» Provided entries:
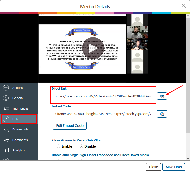 Would you like to allow someone to view your link that is not in a class or even associated with Tennessee Tech? You can get a direct link to any video to send to someone.
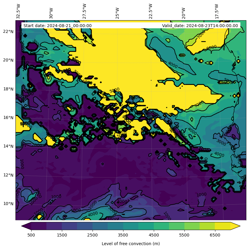 - Level of free convection (m)
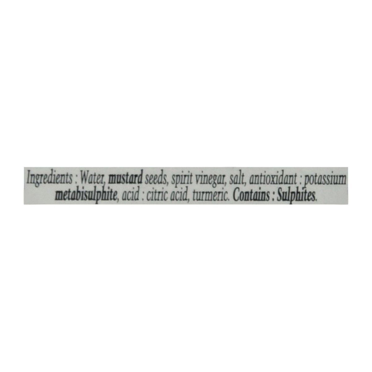 Water, Mustard Seeds, Spirit Vinegar, Salt, Antioxidant: Potassium Metabisulphite, Acid: Citric Acid, Turmeric.
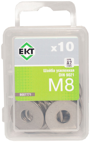 | Информация | Шайба плоская, увеличенная DIN 9021. Используется для подкладывания под головки болтов, винтов, шурупов с шестигранными головками или под гайки для уменьшения давления на контактную поверхность прикрепляемого материала и предотвращения его деформации или повреждения. Изготовлена из нержавеющей стали А2. Соответствует требованиям ГОСТ 6958-78, ISO 7093-1 и ISO 7093-2. |
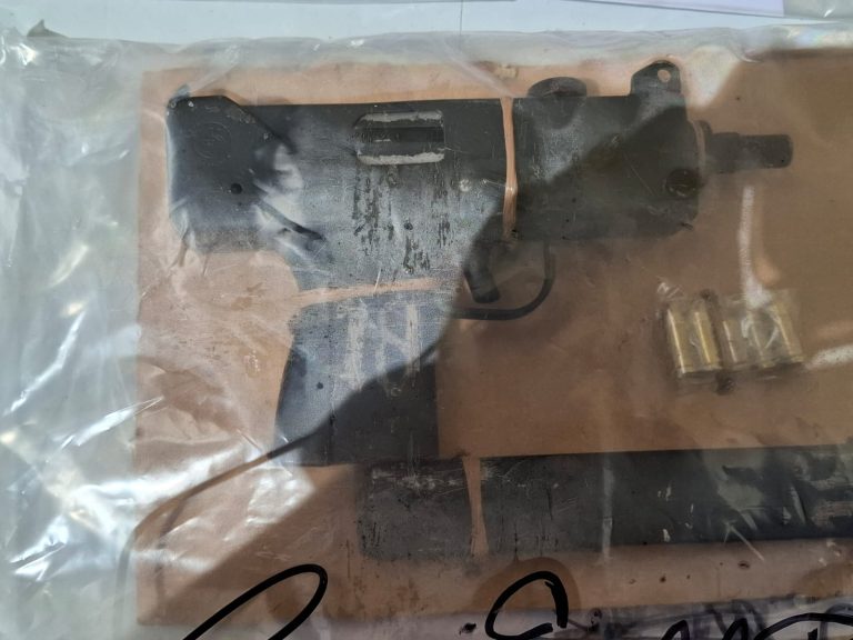 Sin embargo, fue requerido y al hacerle el registro personal se le despojó de una mochila donde se le encontró cinco envoltorios medianos de plástico transparente conteniendo en su interior hierba seca, supuesta marihuana , un total de 83 envoltorios conteniendo en su interior supuesta cocaína y una mini uzi color negra sin serie.
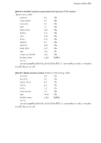 สูตรอาหาร Modified tryptone–yeast extract and glucose (TYG) medium
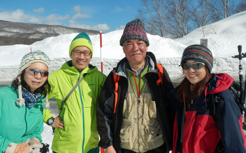 物産館のトイレを使い、スノーシュウを装着して歩き出す。柳沼、青沼、るり沼と次々に現れる湖沼を眺めながら行く。特に水色の「るり沼」は美しく、その色が青空に映えている。さらにいくつかの沼を過ぎ、1309五色沼入口に到達(今回ルートでは終点)。ビジターセンターで磐梯山噴火の歴史などを学び、路線バスにて休暇村へ戻る。夕食後は部屋でのミニ宴会で会津の日本酒を試して早めに就寝。
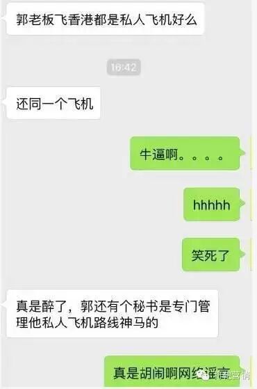 也有人稱,郭廣昌飛香港都是私人飛機,真是醉了,而且還透露郭還有專門管理他私人飛機路線的人。

» Try it:
Write the listing above out again exactly, but not the images it holds.

» Output below:
 Would you like to allow someone to view your link that is not in a class or even associated with Tennessee Tech? You can get a direct link to any video to send to someone.
 - Level of free convection (m)
 Water, Mustard Seeds, Spirit Vinegar, Salt, Antioxidant: Potassium Metabisulphite, Acid: Citric Acid, Turmeric.
 | Информация | Шайба плоская, увеличенная DIN 9021. Используется для подкладывания под головки болтов, винтов, шурупов с шестигранными головками или под гайки для уменьшения давления на контактную поверхность прикрепляемого материала и предотвращения его деформации или повреждения. Изготовлена из нержавеющей стали А2. Соответствует требованиям ГОСТ 6958-78, ISO 7093-1 и ISO 7093-2. |
 Sin embargo, fue requerido y al hacerle el registro personal se le despojó de una mochila donde se le encontró cinco envoltorios medianos de plástico transparente conteniendo en su interior hierba seca, supuesta marihuana , un total de 83 envoltorios conteniendo en su interior supuesta cocaína y una mini uzi color negra sin serie.
 สูตรอาหาร Modified tryptone–yeast extract and glucose (TYG) medium
 物産館のトイレを使い、スノーシュウを装着して歩き出す。柳沼、青沼、るり沼と次々に現れる湖沼を眺めながら行く。特に水色の「るり沼」は美しく、その色が青空に映えている。さらにいくつかの沼を過ぎ、1309五色沼入口に到達(今回ルートでは終点)。ビジターセンターで磐梯山噴火の歴史などを学び、路線バスにて休暇村へ戻る。夕食後は部屋でのミニ宴会で会津の日本酒を試して早めに就寝。
 也有人稱,郭廣昌飛香港都是私人飛機,真是醉了,而且還透露郭還有專門管理他私人飛機路線的人。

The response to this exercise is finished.